§ **SUPPLIED DATA**:
Start of Block
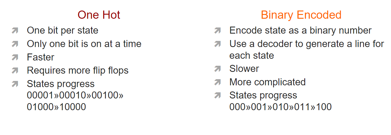 - For the binary-encoded state, the logic has to include a load of decoder logic to convert the binary value to a one-hot value before it can do the multiplexing.
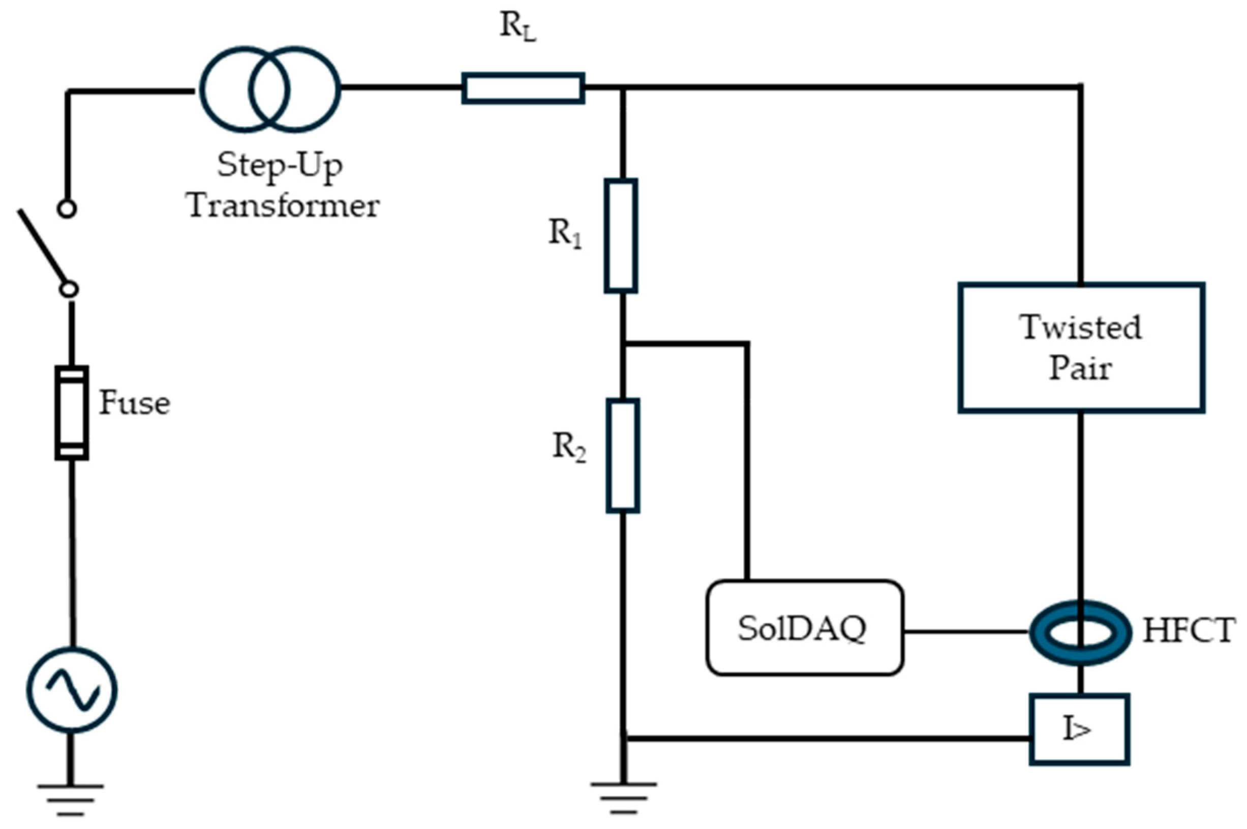 38], a twisted pair. Partial discharge (PD) signals were acquired under sinusoidal excitation at a frequency of 50 Hz. The test voltage was generated using an arbitrary waveform generator, amplified, and applied through a step-up transformer with a transformation ratio of 15:5000. An overcurrent protection device (I>) was implemented to interrupt the test and disconnect the supply in the event of a short circuit, while the short-circuit current was limited by a series limiting resistor
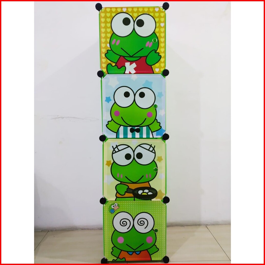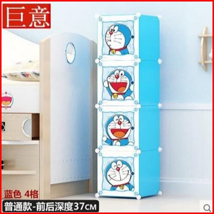 Lemari Pakaian Plastik Rak Serbaguna Susun Plastik Lemari Baju Rak Buku 4 Pintu Kotak
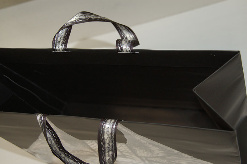 この紙袋の凄いところはハンドルに使われているサテンリボンにプリントして
End of Block
§ **ASSIGNMENT**:
All of the data above should be printed again exactly, though none of the pictures belong in the copy.

§ **RESPONSE TO THE EXERCISE**:
 - For the binary-encoded state, the logic has to include a load of decoder logic to convert the binary value to a one-hot value before it can do the multiplexing.
 38], a twisted pair. Partial discharge (PD) signals were acquired under sinusoidal excitation at a frequency of 50 Hz. The test voltage was generated using an arbitrary waveform generator, amplified, and applied through a step-up transformer with a transformation ratio of 15:5000. An overcurrent protection device (I>) was implemented to interrupt the test and disconnect the supply in the event of a short circuit, while the short-circuit current was limited by a series limiting resistor
 Lemari Pakaian Plastik Rak Serbaguna Susun Plastik Lemari Baju Rak Buku 4 Pintu Kotak
 この紙袋の凄いところはハンドルに使われているサテンリボンにプリントして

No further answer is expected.